Bhargav Bhatt

Personal information
- Full name: Bhargav Ashok Bhatt
- Born: 13 May 1990 (age 36) Vadodara, Gujarat, India
- Batting: Left-handed
- Bowling: Slow left-arm orthodox
- Role: Bowler

Domestic team information
- 2009/10–present: Baroda
- 2011–2013: Kings XI Punjab

Career statistics
| Competition | FC | LA | T20 |
| Matches | 15 | 10 | 23 |
| Runs scored | 92 | 31 | 10 |
| Batting average | 6.13 | 7.75 | 5.00 |
| 100s/50s | 0/0 | 0/0 | 0/0 |
| Top score | 18 | 12 | 6* |
| Balls bowled | 3037 | 490 | 428 |
| Wickets | 60 | 11 | 20 |
| Bowling average | 26.31 | 30.81 | 29.75 |
| 5 wickets in innings | 4 | 0 | 0 |
| 10 wickets in match | 1 | 0 | 0 |
| Best bowling | 7/127 | 3/49 | 4/22 |
| Catches/stumpings | 6/– | 7/– | 7/- |
- Source: ESPNcricinfo, 18 May 2012

= Bhargav Bhatt (cricketer) =

Indian cricketer

Bhargav Bhatt (born 13 May 1990) is a cricketer who plays for Baroda in Indian domestic cricket. He is a slow left-arm orthodox bowler. He also plays for Kings XI Punjab in Indian Premier League.

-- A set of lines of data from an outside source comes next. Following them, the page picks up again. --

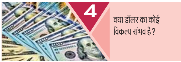
4 क्या डॉलर का कोई विकल्प संभव है ?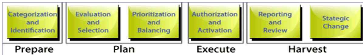
Figura 3 - Ciclo di Vita di PortfolioStep

Il processo di Portfolio Management TenStep, denominato PortfolioStep , prevede un ciclo di vita di quattro fasi principali: Preparazione, Pianificazione, Esecuzione e Raccolta dei risultati .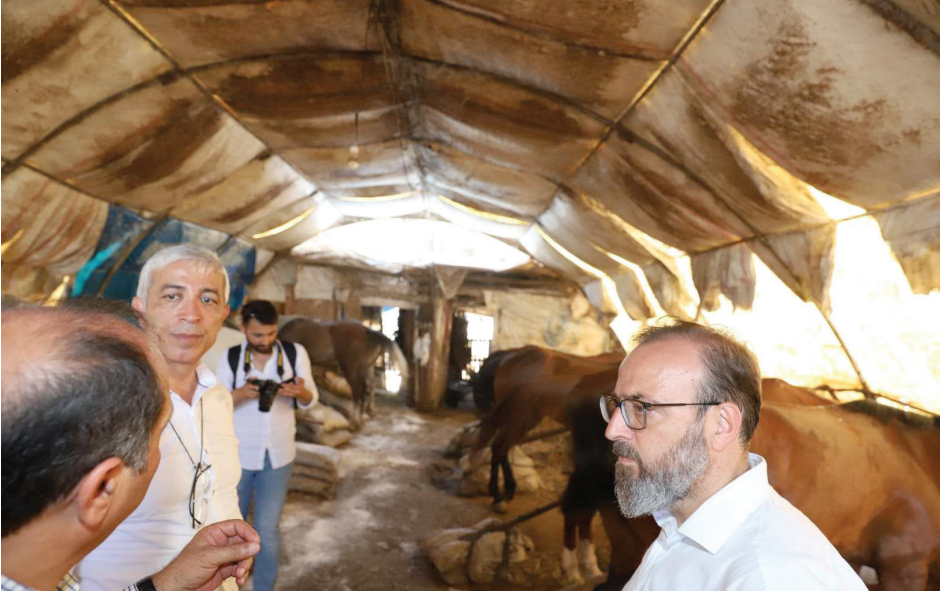
Resim 23. Aya Nikola At Barınakları-2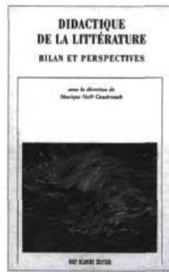
DIDACTIQUE DE LA LITTÉRATURE Bilan et perspectives Sous la direction de Monique Noël-Gaudreault 257 pages 24 $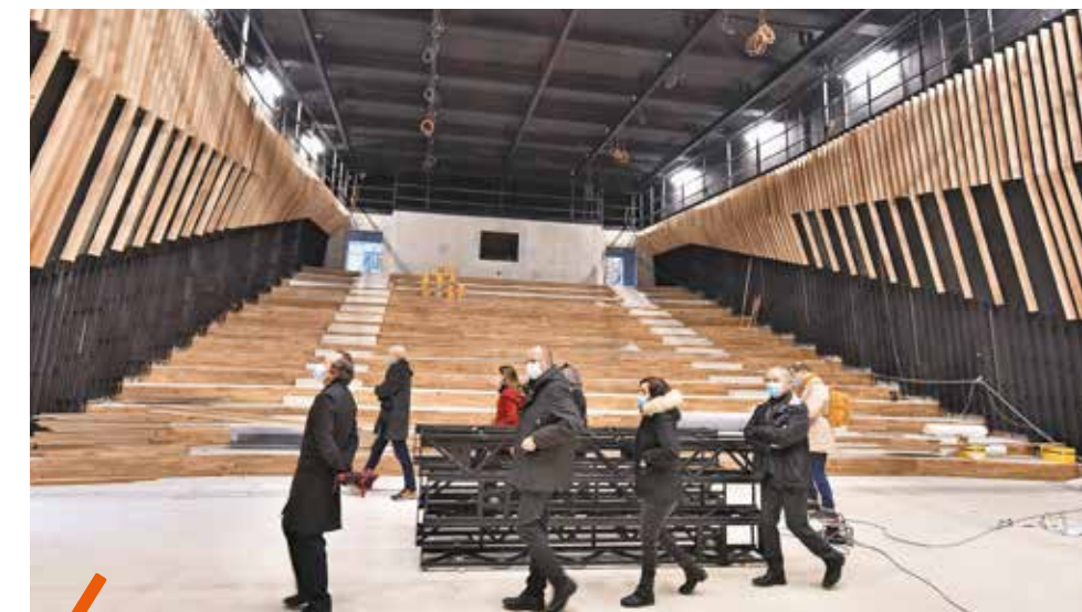
Bluffant par ces volumes lorsque l'on y pénètre, l'auditorium du Conservatoire offre à la fois un grand plateau de scène et une large capacité d'accueil du public avec 400 places.

41,8 millions d'euros hors acquisitions dont 37 millions d'euros par Montpellier Méditerranée Métropole, l'État et la Région Occitanie (2,4 millions d'euros chacun). Acquisition de l'ancienne maternité Grasset : 2,5 millions d'euros.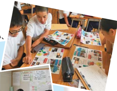
アイデアを出し合い、ふるさと庄原を発信するリーフレットを作成しました。

小学校 廿日市市立大野東小学校 市役所のシティブロモーション室や社会福祉協議会、地域ボランティアなどと協力して、「ふるさと廿日市」について探究的に学ぶ教育活動に取り組んでいます。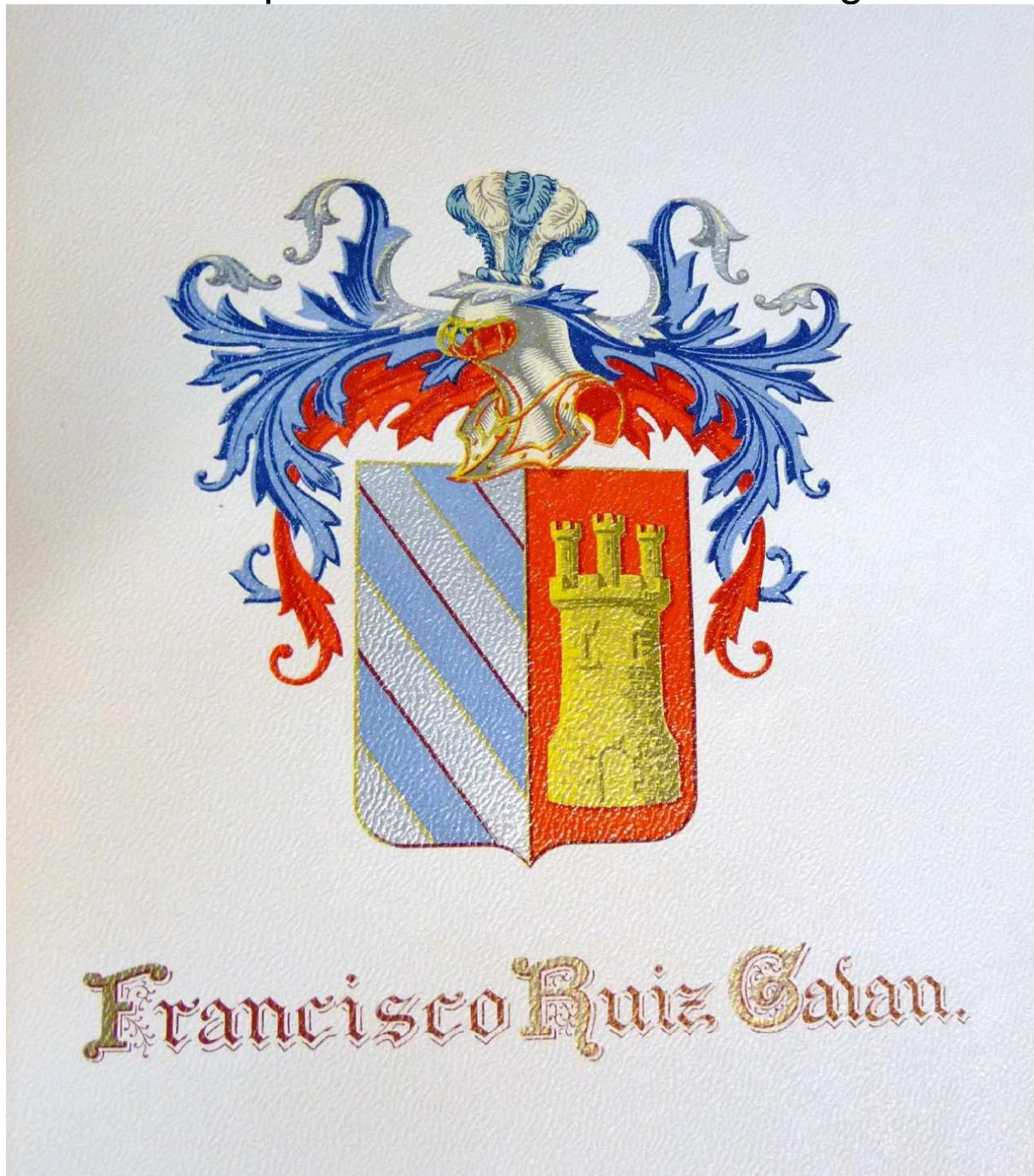
Blason de Francisco Ruiz Galán. Tiré de Documentos relativos a la expedición de Don Pedro de Mendoza y Acontecimientos ocurridos en Buenos Aires desde 1536 a 1541 , Buenos Aires, Imprenta Angel Curtolo, 1936, 315 p.

También estaba allí el depuesto capitán Ruiz Galán. La expresión de su rostro sin energía

Bhatt, in his debut first-class season, picked up 47 wickets from 9 matches to become the highest wicket-taker of the season. His impressive showing was rewarded, as he got an IPL contract with the Kings XI Punjab franchise in 2011. He continued his good run in the Twenty20 format too with economic bowling. He had figures of 2.5-0-22-4 against Mumbai Indians for which he earned the Man-of-the-Match award.

He was the leading wicket-taker for Andhra in the 2017–18 Ranji Trophy, with 27 dismissals in six matches. He was also the leading wicket-taker for Baroda in the 2018–19 Ranji Trophy, with 31 dismissals in eight matches.